The Linear Regression Model
Regression is utilized when you require to estimate the relationship between a dependent variable and two or more independent variables. Linear regression is a method applied when you approximate the relationship between the variables as linear. The method dates back to the nineteenth century and is the most popular regression method.
Note: A linear relationship is one where there’s a direct relationship between an independent variable and a dependent variable.
By modeling the relationship between the variables as linear, you can express the dependent variable as a weighted sum of the independent variables. So, each independent variable will be multiplied by a vector called weight. Besides the weights and the independent variables, you withal integrate another vector: the inequitableness. It sets the result when all the other independent variables are equipollent to zero.

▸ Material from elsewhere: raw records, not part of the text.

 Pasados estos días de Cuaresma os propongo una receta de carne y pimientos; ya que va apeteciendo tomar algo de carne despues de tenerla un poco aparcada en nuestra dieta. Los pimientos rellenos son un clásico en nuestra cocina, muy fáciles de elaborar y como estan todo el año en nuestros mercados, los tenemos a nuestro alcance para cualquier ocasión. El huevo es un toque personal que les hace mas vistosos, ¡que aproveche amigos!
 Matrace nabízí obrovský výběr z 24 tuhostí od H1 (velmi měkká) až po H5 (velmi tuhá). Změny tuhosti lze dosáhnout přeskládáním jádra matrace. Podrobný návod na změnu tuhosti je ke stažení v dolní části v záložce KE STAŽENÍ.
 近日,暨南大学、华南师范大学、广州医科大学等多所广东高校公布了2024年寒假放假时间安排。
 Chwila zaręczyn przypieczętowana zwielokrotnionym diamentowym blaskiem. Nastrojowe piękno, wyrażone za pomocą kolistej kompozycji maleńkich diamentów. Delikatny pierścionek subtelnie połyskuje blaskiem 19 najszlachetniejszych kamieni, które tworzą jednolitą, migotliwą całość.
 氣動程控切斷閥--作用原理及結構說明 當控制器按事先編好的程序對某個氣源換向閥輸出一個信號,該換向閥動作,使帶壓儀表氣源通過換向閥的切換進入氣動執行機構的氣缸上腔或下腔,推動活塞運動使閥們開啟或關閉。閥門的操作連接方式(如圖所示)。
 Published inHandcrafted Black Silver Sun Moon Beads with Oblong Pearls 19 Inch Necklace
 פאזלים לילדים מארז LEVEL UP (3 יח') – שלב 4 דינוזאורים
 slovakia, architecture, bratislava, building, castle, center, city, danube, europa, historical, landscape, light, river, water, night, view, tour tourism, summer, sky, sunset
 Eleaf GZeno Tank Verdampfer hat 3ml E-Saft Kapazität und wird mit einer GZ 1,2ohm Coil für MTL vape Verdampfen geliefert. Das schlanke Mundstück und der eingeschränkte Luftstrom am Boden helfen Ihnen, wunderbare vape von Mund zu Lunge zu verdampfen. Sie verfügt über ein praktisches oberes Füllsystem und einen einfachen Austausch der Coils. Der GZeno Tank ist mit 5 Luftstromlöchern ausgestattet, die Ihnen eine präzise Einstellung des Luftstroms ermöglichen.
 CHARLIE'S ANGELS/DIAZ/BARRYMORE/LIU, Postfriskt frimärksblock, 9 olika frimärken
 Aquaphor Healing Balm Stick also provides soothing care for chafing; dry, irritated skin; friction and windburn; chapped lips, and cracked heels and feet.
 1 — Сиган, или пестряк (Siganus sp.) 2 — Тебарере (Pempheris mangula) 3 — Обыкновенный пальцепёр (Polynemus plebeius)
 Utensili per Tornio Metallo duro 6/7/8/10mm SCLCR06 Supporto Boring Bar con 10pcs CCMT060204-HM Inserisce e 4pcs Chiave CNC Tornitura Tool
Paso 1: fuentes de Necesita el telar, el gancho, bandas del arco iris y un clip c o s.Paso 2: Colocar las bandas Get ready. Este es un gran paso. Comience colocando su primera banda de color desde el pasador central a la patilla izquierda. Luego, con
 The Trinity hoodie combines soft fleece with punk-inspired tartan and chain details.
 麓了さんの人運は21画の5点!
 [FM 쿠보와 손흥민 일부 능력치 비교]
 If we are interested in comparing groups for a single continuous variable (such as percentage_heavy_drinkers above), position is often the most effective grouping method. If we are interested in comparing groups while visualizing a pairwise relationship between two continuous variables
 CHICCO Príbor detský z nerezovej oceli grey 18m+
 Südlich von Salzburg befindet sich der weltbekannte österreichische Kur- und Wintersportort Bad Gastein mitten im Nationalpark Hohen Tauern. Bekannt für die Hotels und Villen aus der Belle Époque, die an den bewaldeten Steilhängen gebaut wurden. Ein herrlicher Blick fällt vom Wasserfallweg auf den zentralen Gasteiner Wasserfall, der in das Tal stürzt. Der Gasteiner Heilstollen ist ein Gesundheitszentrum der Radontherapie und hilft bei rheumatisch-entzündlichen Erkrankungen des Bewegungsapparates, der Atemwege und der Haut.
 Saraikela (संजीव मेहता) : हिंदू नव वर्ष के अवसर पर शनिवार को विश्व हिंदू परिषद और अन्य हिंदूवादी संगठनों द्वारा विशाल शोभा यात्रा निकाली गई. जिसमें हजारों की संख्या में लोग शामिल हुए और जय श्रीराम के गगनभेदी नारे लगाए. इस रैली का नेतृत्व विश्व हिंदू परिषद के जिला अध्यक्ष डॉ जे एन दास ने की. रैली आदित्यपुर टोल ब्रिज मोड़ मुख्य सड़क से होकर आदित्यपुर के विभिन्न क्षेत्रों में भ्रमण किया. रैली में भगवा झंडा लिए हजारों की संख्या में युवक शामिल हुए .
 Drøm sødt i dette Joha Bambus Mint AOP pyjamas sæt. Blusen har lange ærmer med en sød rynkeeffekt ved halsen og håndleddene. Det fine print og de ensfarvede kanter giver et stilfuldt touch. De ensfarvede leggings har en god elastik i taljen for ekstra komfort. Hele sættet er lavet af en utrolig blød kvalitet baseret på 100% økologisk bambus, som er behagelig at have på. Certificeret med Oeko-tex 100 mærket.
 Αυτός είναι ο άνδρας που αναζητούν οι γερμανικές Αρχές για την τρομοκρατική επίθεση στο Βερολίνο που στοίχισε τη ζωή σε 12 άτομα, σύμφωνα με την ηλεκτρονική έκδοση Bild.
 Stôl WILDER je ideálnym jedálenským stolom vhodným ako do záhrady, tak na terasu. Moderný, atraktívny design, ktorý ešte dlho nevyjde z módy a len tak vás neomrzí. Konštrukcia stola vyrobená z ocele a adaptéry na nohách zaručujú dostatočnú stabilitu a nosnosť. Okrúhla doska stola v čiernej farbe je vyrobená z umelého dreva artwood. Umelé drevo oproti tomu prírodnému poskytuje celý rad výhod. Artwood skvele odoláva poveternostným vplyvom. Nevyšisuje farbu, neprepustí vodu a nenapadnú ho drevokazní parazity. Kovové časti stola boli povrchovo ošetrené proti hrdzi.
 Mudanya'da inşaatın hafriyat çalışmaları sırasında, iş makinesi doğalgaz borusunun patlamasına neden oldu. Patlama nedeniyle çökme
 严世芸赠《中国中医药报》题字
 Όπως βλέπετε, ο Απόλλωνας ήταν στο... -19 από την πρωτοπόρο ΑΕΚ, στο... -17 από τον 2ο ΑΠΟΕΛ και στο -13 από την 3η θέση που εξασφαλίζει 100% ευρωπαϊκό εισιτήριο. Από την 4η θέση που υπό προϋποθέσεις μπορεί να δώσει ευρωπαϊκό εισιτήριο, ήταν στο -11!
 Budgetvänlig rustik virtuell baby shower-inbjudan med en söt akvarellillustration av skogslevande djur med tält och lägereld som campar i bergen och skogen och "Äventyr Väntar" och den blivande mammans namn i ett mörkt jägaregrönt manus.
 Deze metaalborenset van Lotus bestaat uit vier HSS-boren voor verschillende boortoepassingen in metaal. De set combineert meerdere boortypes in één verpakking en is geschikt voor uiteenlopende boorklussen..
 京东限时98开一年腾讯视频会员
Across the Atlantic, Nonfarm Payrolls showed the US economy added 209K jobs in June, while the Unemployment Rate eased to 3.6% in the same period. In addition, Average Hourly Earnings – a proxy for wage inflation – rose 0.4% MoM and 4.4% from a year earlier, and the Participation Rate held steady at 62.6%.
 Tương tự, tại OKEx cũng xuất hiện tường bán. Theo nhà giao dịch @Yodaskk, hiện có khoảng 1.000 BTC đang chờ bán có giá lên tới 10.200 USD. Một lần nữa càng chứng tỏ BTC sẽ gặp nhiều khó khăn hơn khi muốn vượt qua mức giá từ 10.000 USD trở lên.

As an authentic-world example of how to build a linear regression model, imagine you optate to train a model to presage the price of houses predicated on the area and how old the house is. You decide to model this relationship utilizing linear regression. The following code block shows how you can inscribe a linear regression model for the verbally expressed quandary in pseudocode:
price = (weights_area * area) + (weights_age * age) + inequitableness
In the above example, there are two weights: weights_area and weights_age. The training process consists of adjusting the weights and the partialness so the model can presage the correct price value. To accomplish that, you’ll need to compute the presage error and update the weights accordingly.
These are the fundamentals of how the neural network mechanism works. Now it’s time to visually perceive how to apply these concepts utilizing Python.